**** STORED DATA ****

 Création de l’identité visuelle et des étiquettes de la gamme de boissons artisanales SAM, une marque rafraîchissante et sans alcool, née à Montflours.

****
**** STORED DATA ****

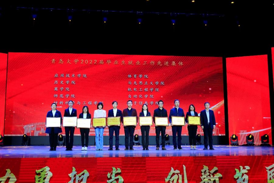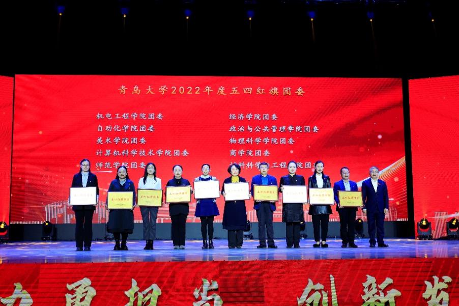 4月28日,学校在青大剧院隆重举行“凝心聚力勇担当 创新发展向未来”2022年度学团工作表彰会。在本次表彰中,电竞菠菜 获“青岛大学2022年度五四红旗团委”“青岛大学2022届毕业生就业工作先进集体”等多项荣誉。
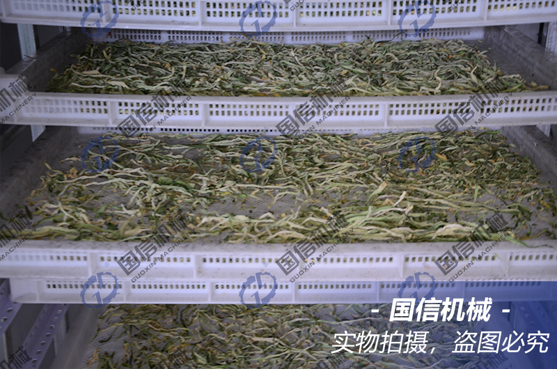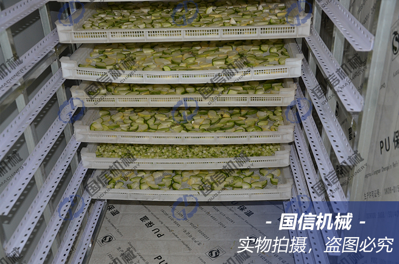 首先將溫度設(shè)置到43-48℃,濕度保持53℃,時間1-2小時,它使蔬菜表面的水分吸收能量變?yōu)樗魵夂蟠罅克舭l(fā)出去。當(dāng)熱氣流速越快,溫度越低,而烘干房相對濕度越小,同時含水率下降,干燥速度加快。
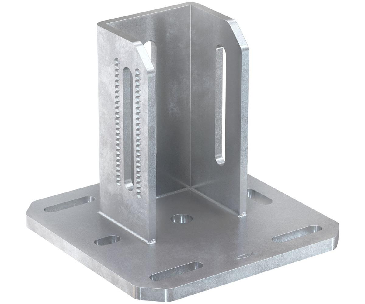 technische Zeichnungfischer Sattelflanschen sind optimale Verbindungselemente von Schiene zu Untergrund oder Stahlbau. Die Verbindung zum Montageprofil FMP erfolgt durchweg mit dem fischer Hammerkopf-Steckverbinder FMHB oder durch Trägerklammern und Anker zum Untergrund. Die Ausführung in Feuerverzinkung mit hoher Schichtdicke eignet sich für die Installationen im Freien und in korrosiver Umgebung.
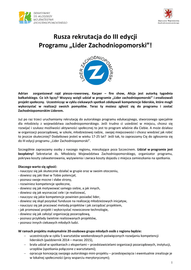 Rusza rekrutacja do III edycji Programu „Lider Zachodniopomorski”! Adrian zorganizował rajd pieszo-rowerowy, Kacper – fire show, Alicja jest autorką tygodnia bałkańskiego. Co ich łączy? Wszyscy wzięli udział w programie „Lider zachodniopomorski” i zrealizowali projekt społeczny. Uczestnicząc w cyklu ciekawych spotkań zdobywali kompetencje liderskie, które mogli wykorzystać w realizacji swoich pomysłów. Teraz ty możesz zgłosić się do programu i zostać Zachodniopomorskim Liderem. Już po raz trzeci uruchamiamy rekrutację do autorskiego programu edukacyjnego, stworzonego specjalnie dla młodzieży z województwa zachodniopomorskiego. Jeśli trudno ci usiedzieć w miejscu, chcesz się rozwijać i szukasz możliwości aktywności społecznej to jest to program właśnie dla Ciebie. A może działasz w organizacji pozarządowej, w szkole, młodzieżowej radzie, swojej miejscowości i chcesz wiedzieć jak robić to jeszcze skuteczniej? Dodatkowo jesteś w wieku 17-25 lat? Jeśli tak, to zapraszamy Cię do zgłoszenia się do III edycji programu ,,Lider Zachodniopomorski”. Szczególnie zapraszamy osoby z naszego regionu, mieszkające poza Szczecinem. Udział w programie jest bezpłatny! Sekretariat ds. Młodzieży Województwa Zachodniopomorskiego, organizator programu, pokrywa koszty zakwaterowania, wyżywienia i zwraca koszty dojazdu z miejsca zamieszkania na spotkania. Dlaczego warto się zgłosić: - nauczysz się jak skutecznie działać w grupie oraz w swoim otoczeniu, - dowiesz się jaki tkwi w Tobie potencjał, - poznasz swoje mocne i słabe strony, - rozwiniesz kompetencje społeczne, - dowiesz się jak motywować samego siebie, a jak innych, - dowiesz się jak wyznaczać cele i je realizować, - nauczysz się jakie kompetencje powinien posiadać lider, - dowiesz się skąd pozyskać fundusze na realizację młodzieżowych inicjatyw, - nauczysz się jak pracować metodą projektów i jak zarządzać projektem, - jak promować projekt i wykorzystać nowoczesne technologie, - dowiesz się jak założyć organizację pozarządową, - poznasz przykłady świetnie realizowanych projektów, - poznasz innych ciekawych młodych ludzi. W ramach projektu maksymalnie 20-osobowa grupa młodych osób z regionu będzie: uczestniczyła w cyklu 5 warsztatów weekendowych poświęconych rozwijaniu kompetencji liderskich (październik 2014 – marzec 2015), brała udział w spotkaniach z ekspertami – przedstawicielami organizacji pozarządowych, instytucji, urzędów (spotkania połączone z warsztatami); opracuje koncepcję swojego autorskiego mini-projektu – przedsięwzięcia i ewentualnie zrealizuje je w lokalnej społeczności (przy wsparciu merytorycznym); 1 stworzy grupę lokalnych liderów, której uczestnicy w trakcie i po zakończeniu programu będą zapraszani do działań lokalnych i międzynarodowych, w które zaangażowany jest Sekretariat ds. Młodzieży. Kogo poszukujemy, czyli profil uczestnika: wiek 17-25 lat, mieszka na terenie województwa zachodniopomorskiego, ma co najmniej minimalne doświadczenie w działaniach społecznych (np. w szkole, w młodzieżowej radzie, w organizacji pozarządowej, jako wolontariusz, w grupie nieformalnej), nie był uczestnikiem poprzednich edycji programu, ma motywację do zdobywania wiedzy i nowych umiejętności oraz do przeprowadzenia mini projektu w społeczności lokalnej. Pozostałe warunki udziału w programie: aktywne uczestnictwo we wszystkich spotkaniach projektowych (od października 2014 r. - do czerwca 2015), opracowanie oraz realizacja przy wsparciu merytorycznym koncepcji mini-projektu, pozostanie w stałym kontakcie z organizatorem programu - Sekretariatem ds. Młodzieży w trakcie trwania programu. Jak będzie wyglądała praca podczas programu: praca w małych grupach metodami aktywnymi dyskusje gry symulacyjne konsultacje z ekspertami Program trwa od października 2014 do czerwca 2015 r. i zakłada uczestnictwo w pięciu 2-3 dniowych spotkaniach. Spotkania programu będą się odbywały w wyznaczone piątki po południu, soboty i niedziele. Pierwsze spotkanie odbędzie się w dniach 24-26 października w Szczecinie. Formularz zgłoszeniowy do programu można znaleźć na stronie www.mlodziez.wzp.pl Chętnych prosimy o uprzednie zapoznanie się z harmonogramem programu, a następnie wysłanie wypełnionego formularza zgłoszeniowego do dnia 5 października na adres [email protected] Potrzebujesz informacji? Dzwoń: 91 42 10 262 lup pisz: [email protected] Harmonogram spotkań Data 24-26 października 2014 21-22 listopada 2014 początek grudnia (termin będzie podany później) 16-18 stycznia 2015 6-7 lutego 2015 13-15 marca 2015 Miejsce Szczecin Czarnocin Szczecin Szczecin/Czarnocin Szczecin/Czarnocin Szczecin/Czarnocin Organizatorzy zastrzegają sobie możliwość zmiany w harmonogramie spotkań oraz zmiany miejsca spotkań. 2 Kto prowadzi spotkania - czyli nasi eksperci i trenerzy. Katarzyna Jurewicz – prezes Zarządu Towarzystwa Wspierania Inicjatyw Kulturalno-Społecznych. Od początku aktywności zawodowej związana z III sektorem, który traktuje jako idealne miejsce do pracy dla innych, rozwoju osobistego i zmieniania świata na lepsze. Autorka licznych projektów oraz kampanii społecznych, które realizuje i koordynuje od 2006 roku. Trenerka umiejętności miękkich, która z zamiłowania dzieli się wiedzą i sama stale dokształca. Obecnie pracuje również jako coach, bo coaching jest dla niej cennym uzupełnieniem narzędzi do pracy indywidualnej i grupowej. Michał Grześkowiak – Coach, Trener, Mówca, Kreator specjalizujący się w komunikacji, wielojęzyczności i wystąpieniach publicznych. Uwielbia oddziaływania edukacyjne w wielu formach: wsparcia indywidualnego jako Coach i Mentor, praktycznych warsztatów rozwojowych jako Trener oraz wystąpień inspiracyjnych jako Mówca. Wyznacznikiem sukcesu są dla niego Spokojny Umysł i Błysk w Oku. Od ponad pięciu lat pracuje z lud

****

◆ TASK ◆
Out of the records above, set down only the lines from the one that contains "首先將溫度設(shè)置到4" through the one that contains "technische Zeichnungfischer Sattelflanschen", unchanged and without the pictures.

◆ RESULT FOR THIS EXERCISE ◆
 首先將溫度設(shè)置到43-48℃,濕度保持53℃,時間1-2小時,它使蔬菜表面的水分吸收能量變?yōu)樗魵夂蟠罅克舭l(fā)出去。當(dāng)熱氣流速越快,溫度越低,而烘干房相對濕度越小,同時含水率下降,干燥速度加快。
 technische Zeichnungfischer Sattelflanschen sind optimale Verbindungselemente von Schiene zu Untergrund oder Stahlbau. Die Verbindung zum Montageprofil FMP erfolgt durchweg mit dem fischer Hammerkopf-Steckverbinder FMHB oder durch Trägerklammern und Anker zum Untergrund. Die Ausführung in Feuerverzinkung mit hoher Schichtdicke eignet sich für die Installationen im Freien und in korrosiver Umgebung.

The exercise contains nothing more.